Она чувствовала себя жёлтым пятном в белом пространстве. Хотя движение возможно только в сравнении, от чего или к чему, но это пятно двигалось. Неизвестно куда и зачем. Потом превращалось в бабочку. Порхало, и, успокоившись, зависало на месте. Больше ничего не нужно было, но тут появлялось синее пятно. Оно также летело и превращалось в небо; за ним зелёное – в траву, из которой вырастало дерево. Бабочка садилась на дерево и…

Марго приходилось каждый день уходить от этого места и возвращаться в так называемый дом. Место, где нужно поесть и поспать. Место, к которому ты привязан. Место, без которого ты не умеешь существовать. Но не место, в которое ты стремишься \/ которого бы хотел. В этом институте «семьи и дружбы» на девочку всё больше озлоблялись.

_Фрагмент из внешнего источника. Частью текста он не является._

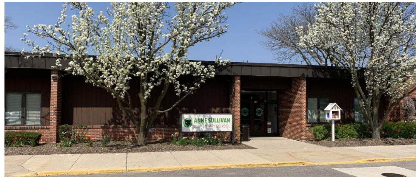
EXISTING SCHOOL ENTRANCE
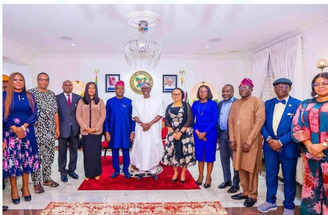
A group photo of the UNAIDS Team with the Governor and his team.

The city of Lagos excelled in moving the AIDS response forward and was awarded the distinguished "Circle of Excellence" Award by the Fast-track Cities Institute in October 2022, in Sevilla, Spain, during the 2022 Fast-track Cities Conference.
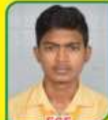
ECE SANJAY S VELLALAR COLLEGE, DINDIGUL
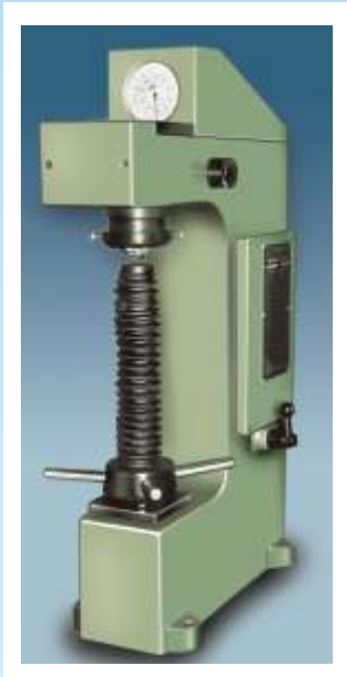
Model : TWIN

Отец, соседи, учителя, бывшие одноклассники и будущие однокурсники. Казалось, что сам мир был против того, что у Маргариты есть свой маленький мирок где-то вдали от остальных. Ей не хотелось думать о поступлении, о том, что холодильник пуст или нужно утром умываться, она жила всё время тем большим камнем на обрыве.

Но больше всех, казалось, на Марго озлоблялась она сама. Ладно, если бы девочка решала постоянно возникающий в голове вопрос: а что не так-то? Так нет же, она просто гоняла его и из-за этого пуще злилась. Потом злилась, оттого что не понимает, отчего она злится. Потом смеялась над тупостью ситуации, а, успокоившись, опять злилась, так как проблема не была решена. «Да какая проблема-то?!».

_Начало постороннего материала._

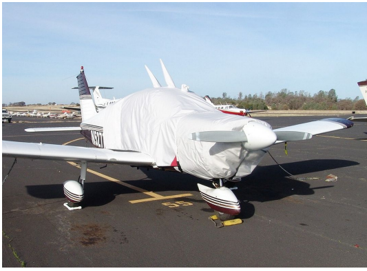
Piper PA-28 Extended Canopy Cover and Engine Cover
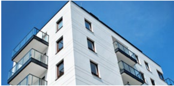
High-Rise Apartment Buildings

From high-rise apartment buildings in New York to mobile home parks in California, AEI has a thorough knowledge of building systems and components for every type of multifamily residential space across the country.
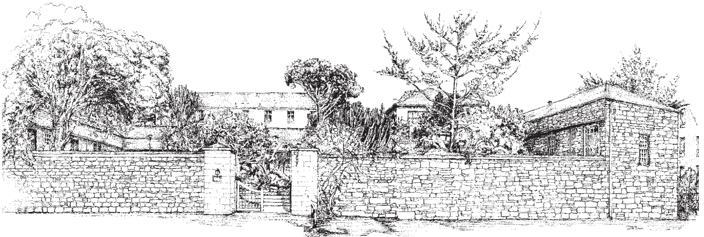
Fig. 2. The setting of the Botany Department in the 1980s, from a drawing by Michael Ginn.

of the entire plant kingdom was the major focus of botany. For many botanists of the day, knowledge of the plant kingdom from the minutest algae to the higher plants was their identifying mark. It is not surprising that Schonland, as a systematist, had many new species of plants named after him, such as Rhus schonlandii and Aloe schonlandii . He collected, described and re-classified many of the difficult groups in the region, such as the sedges, the Cyperaceae in 1922, 6 and the woody trees and shrubs of the genus Rhus in 1930. 7

Итак, бешеные песни заводной девчонки дома в одних трусах сменились простым мычанием. Резвые игры утихомирились до настольных. Всё, что подбивал азарт и ажиотаж, мигом гасилось внезапной самокритичностью. Она застеснялась себя. Даже зеркала завешивала. По ночам шторы задёргивала, не оттого что другие увидят, просто в стекле опять ловила свой взгляд и мигом стеснялась. Она видела себя во всём. В каждом блике или в отражении ложки. И, хоть и старалась избавиться от своего вида, всё же намеренно искала ещё отражающие предметы. Там она опять замечала себя и вновь ненавидела. Может, ей было и приятно мысленно оскорблять себя. Может это был некий способ слиться с, критикующим её, обществом. Но, переполненная презрением, однажды она уставилась на себя. Как бы специально, чтобы взбесить ту, что стоит там, но оказалось, что бесится только та, которая стоит здесь. Что она видела:

Кудрявые каштановые волосы спадали ниже груди. Не расчесанные, сухие и ломкие, но пышные, хотя у корней растягивались локоны под собственным весом. Дальше шли огромные глаза под маленькими бровями. Девочка специально вытаращивала ещё больше глаза, чтобы они превратились в ровные круги. Нос небольшой, очень маленькие губы и подбородок. Равноразмерные количеству выходящих из них слов. Далее шея и плечи. Грудь начала расти. Неужели. Длинные, неуклюжие пальцы, непонятный живот, бёдра, ноги. При перечислении возникал образ вполне обычной девочки ничем не отличавшейся от остальных. И девочка подумала: а может, и нет разницы?

Марго, смотря на окружающих, и не думала себя с ними сравнивать. Но, так как она была девушка, это происходило само собой. Разница была очевидна: всё, что они (окружающие) делали, сводилось к одному – они все к чему-то стремятся. Осознанно или нет, обоснованно или нет, но все чего-то хотят. В этом плане и Марго от них не отличалась – потребности у всех есть, но она признавала, что от всего, что у неё есть, она способна отказаться. Может, и не так легко разбивать привычку, но вполне реально. Она не замечала зависимости, привязки к чему-либо. Никогда не было какого-то ярого желания или стремления чего-то добиться. Может быть это свобода?

Окружающие постоянно жаловались на свои обязанности, на учёбу, на планы, друзей. Им всегда не хватало ни на что времени, и им это совершенно не нравилось. Но зачем тогда они этим занимались – спрашивается? Отвечается: им это нужно. Но для чего учиться? Для будущего? Так они хотят или не хотят такое будущее? Так может им и хочется то, что им надо.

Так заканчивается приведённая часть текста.